* TASK TO COMPLETE
Would you repeat the listing below verbatim and drop the images?

* MATERIAL PROVIDED
________________________
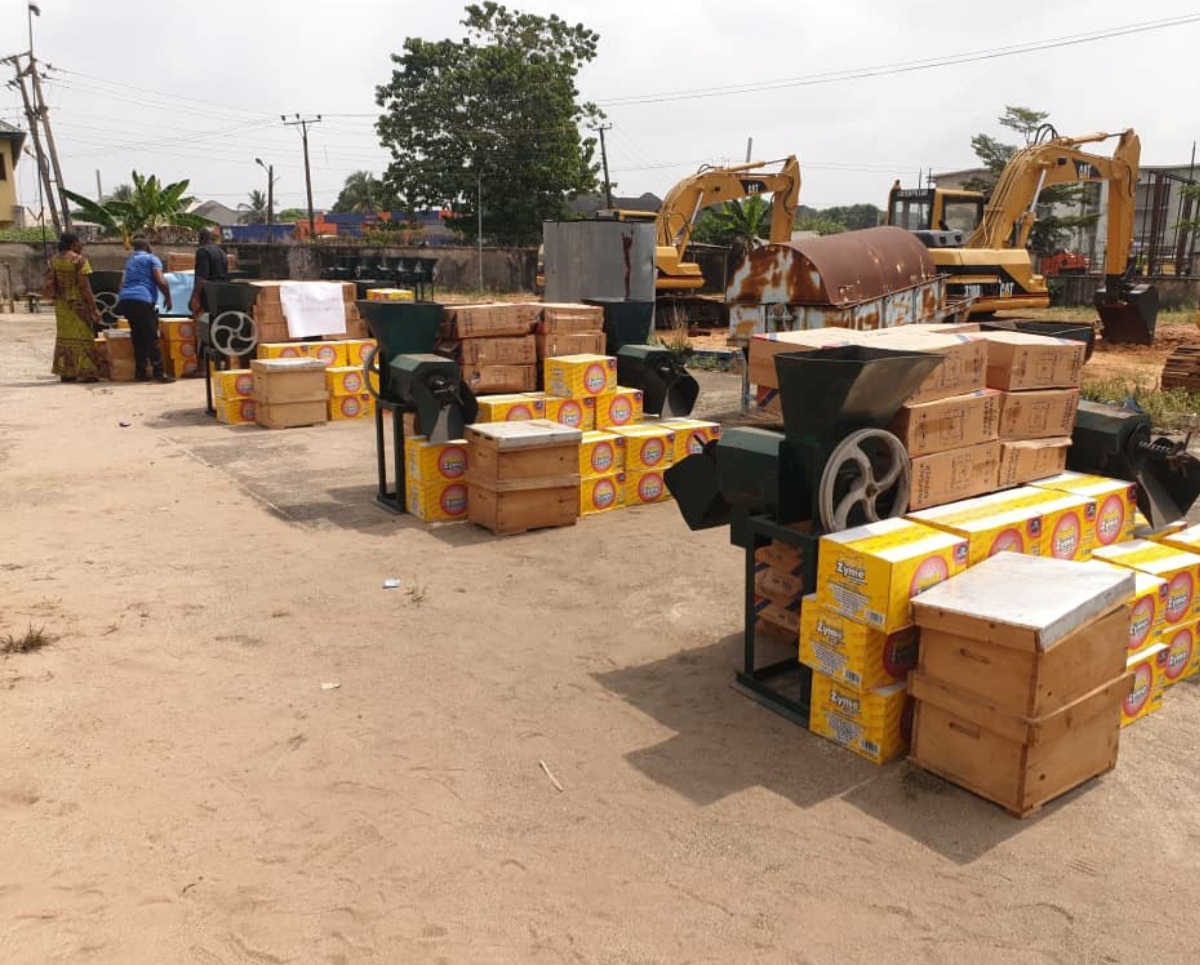 The Minister of Agriculture and Food Security, Sen. Abubakar Kyari, represented by a director in the ministry, Dr Iyere-Usiahon Perpetua, distributed the implements to the farmers in Owerri.
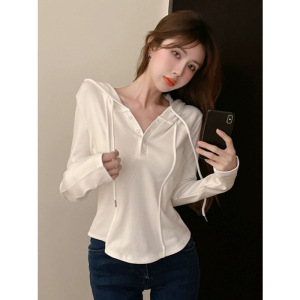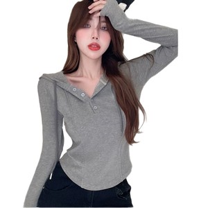 辣妹别致灰色连帽修身秋冬款打底衫女内搭设计感小众长袖T恤秋季
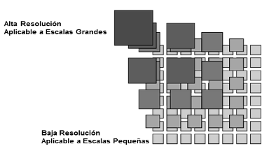 Cada una de las capas (layers) de un servidor WMTS sigue una o diversas estructuras piramidales de escalas (Tile Matrix sets o conjunto de Matrices de Teselas), en la que cada escala o nivel de la pirámide (Tile Matrix o Matriz de Teselas), es una rásterización y fragmentación regular de los datos geográficos a una escala o tamaño de píxel concreto. Por ello, una capa puede estar disponible en varios sistemas de coordenadas, y tener diferente ámbito en función de éstos.
________________________
* SOLVED PROBLEM
 The Minister of Agriculture and Food Security, Sen. Abubakar Kyari, represented by a director in the ministry, Dr Iyere-Usiahon Perpetua, distributed the implements to the farmers in Owerri.
 辣妹别致灰色连帽修身秋冬款打底衫女内搭设计感小众长袖T恤秋季
 Cada una de las capas (layers) de un servidor WMTS sigue una o diversas estructuras piramidales de escalas (Tile Matrix sets o conjunto de Matrices de Teselas), en la que cada escala o nivel de la pirámide (Tile Matrix o Matriz de Teselas), es una rásterización y fragmentación regular de los datos geográficos a una escala o tamaño de píxel concreto. Por ello, una capa puede estar disponible en varios sistemas de coordenadas, y tener diferente ámbito en función de éstos.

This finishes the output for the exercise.